> [Supplied material]
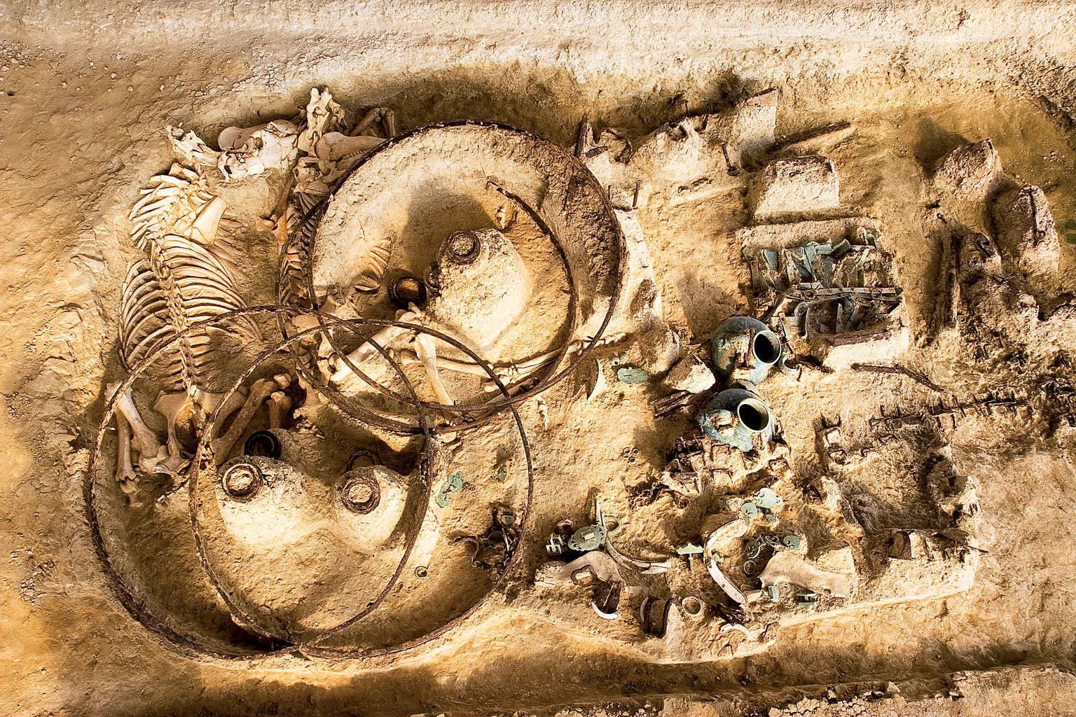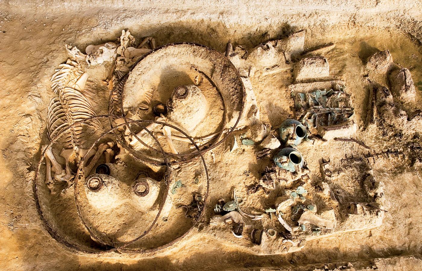 Ciało zmarłego na przełomie II i I w. p.n.e. Celta leżało na dwukołowym wozie z brązowymi okuciami, dekorowanymi kolorową emalią. Na szyi miał złoty naszyjnik, szaty spinała ozdobna zapinka, a obok leżały nożyce, brzytwa oraz intencjonalnie złamana pochwa miecza. W komnacie grobowej były też kości czterech koni. Pochówek zaskoczył badaczy, bo pochodzi z czasów, gdy inhumacja i zabieranie ze sobą do grobu wozu prawie wyszły już z mody. Ale to właśnie dzięki temu odkrycie w Warcq jest tak obiecujące. – Znalezisko jest wyjątkowe, bo zachowały się drewniane części wozu, zazwyczaj niszczone w stosie pogrzebowym – tłumaczy badacz wozów celtyckich dr Martin Schönfelder z Römisch-Germanisches Zentralmuseum w Mainz. – Dzięki temu będzie można się pokusić o pełną rekonstrukcję wozu. Poza tym mamy też możliwość przebadania kości końskich pod kątem genetycznym oraz morfologicznym, co być może pozwoli ustalić, czy były to zwierzęta zaprzęgowe.
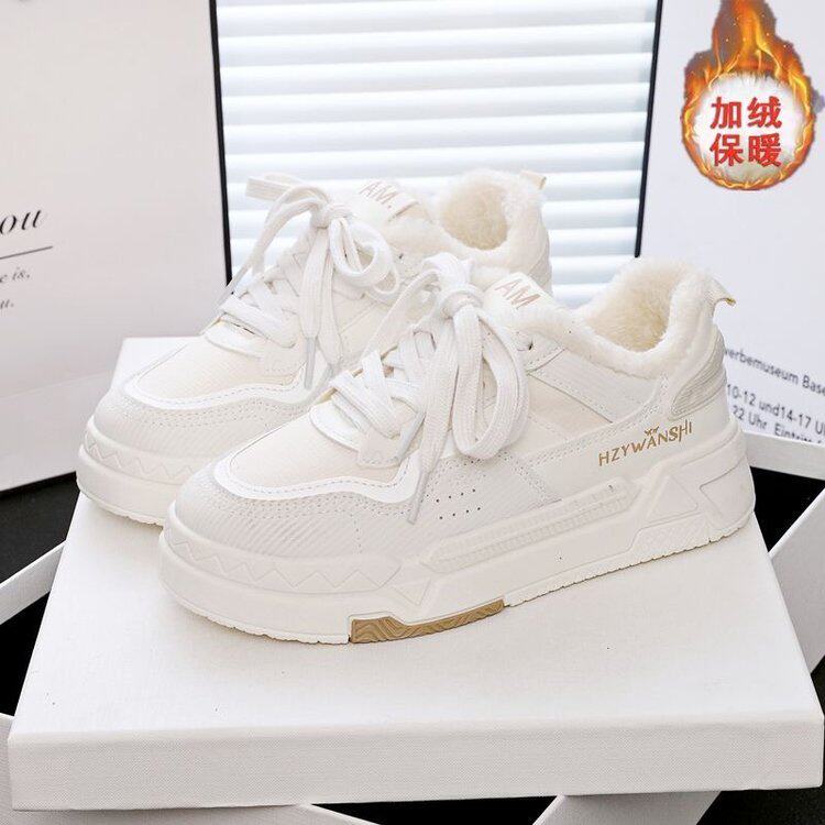 鞋子新款2025爆款女學生加絨小白鞋冬季保暖防滑板鞋休閒運動棉鞋
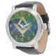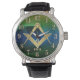Stijlvol gouden vierkant en kompas Masonisch symbool, gepersonaliseerd polshorloge met een moderne fractale achtergrond.
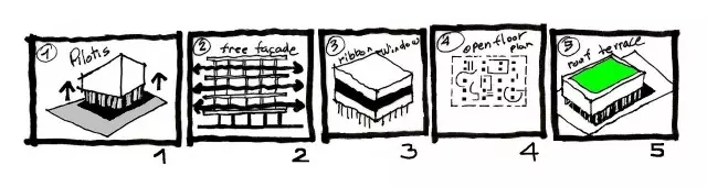 此后,柯布的建筑理念逐步完善,在1926年提出了新建筑五原則,它們是:
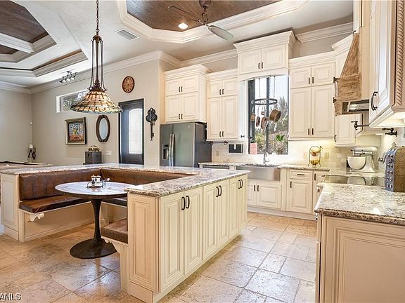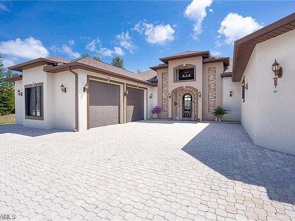 Custom Built Courtyard style home on a freshwater canal with all the bells & whistles you could ever imagine! Enter through antique wooden church doors to the outdoor courtyard area, featuring stone pavers throughout & tall wooden gable ceilings. A truly unique living area perfect for entertaining!! The screened swimming pool is pushed back maximizing the courtyard area & offering unobstructed views of the freshwater canal! The main home has 15ft tall ceilings with triple crown molding & custom wood inlays in the ceiling. This 4 bedroom, 3 bath home is 3400sqft with beautiful travertine stone throughout. The kitchen offers 2 ROWS OF CABINETS, upgraded appliances, walk-in pantry loaded with outlets, breakfast booth seating area, pot filler, large farm sink, granite countertops, the list goes on!! Master & bathroom have views of the water out every window! Beautiful guest suite w/ full kitchen, its own entrance and own AC unit. One garage space has been converted into a craft room but can be converted back easily. Cape Coral has been voted one of the top vacation destinations making this house a fantastic income producing property!
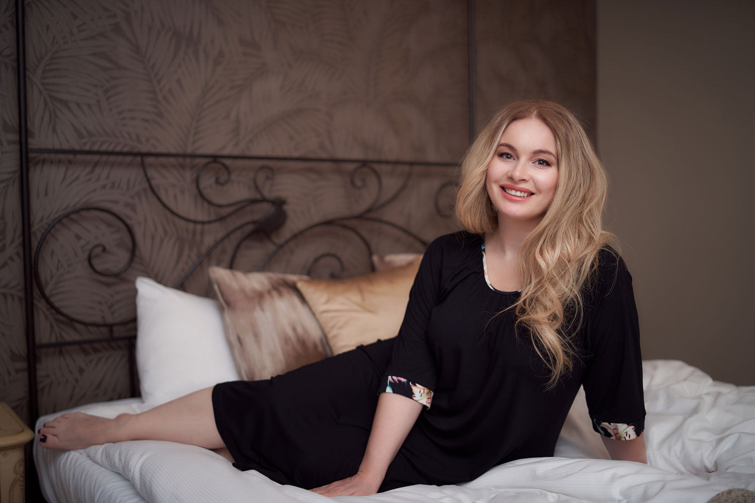 Nightdress, Bamboo, 3/4 Sleeves Black
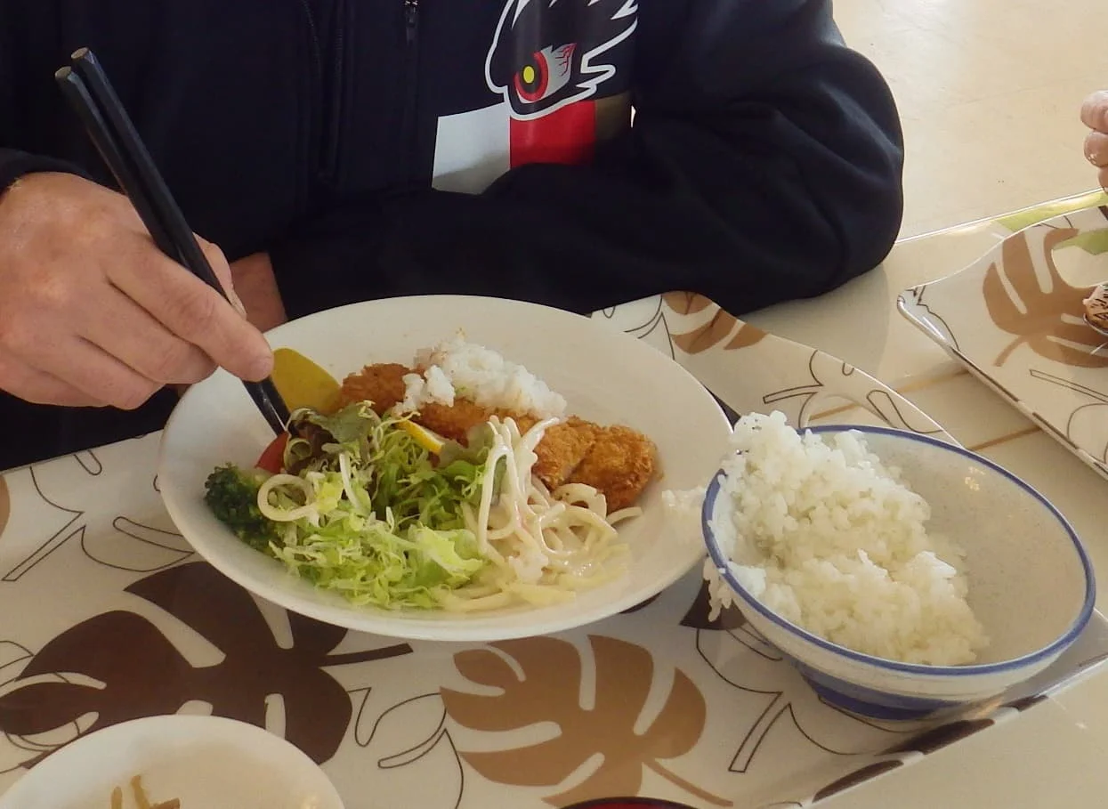 どんぶりのごはんを迷った挙句、”かつ”の上にかけて不思議な食べ方をしている、ガイ選手。

> [Your objective]
Every line of the listing above is to be retyped exactly, but the pictures are to be dropped.

> [Reply]
 Ciało zmarłego na przełomie II i I w. p.n.e. Celta leżało na dwukołowym wozie z brązowymi okuciami, dekorowanymi kolorową emalią. Na szyi miał złoty naszyjnik, szaty spinała ozdobna zapinka, a obok leżały nożyce, brzytwa oraz intencjonalnie złamana pochwa miecza. W komnacie grobowej były też kości czterech koni. Pochówek zaskoczył badaczy, bo pochodzi z czasów, gdy inhumacja i zabieranie ze sobą do grobu wozu prawie wyszły już z mody. Ale to właśnie dzięki temu odkrycie w Warcq jest tak obiecujące. – Znalezisko jest wyjątkowe, bo zachowały się drewniane części wozu, zazwyczaj niszczone w stosie pogrzebowym – tłumaczy badacz wozów celtyckich dr Martin Schönfelder z Römisch-Germanisches Zentralmuseum w Mainz. – Dzięki temu będzie można się pokusić o pełną rekonstrukcję wozu. Poza tym mamy też możliwość przebadania kości końskich pod kątem genetycznym oraz morfologicznym, co być może pozwoli ustalić, czy były to zwierzęta zaprzęgowe.
 鞋子新款2025爆款女學生加絨小白鞋冬季保暖防滑板鞋休閒運動棉鞋
Stijlvol gouden vierkant en kompas Masonisch symbool, gepersonaliseerd polshorloge met een moderne fractale achtergrond.
 此后,柯布的建筑理念逐步完善,在1926年提出了新建筑五原則,它們是:
 Custom Built Courtyard style home on a freshwater canal with all the bells & whistles you could ever imagine! Enter through antique wooden church doors to the outdoor courtyard area, featuring stone pavers throughout & tall wooden gable ceilings. A truly unique living area perfect for entertaining!! The screened swimming pool is pushed back maximizing the courtyard area & offering unobstructed views of the freshwater canal! The main home has 15ft tall ceilings with triple crown molding & custom wood inlays in the ceiling. This 4 bedroom, 3 bath home is 3400sqft with beautiful travertine stone throughout. The kitchen offers 2 ROWS OF CABINETS, upgraded appliances, walk-in pantry loaded with outlets, breakfast booth seating area, pot filler, large farm sink, granite countertops, the list goes on!! Master & bathroom have views of the water out every window! Beautiful guest suite w/ full kitchen, its own entrance and own AC unit. One garage space has been converted into a craft room but can be converted back easily. Cape Coral has been voted one of the top vacation destinations making this house a fantastic income producing property!
 Nightdress, Bamboo, 3/4 Sleeves Black
 どんぶりのごはんを迷った挙句、”かつ”の上にかけて不思議な食べ方をしている、ガイ選手。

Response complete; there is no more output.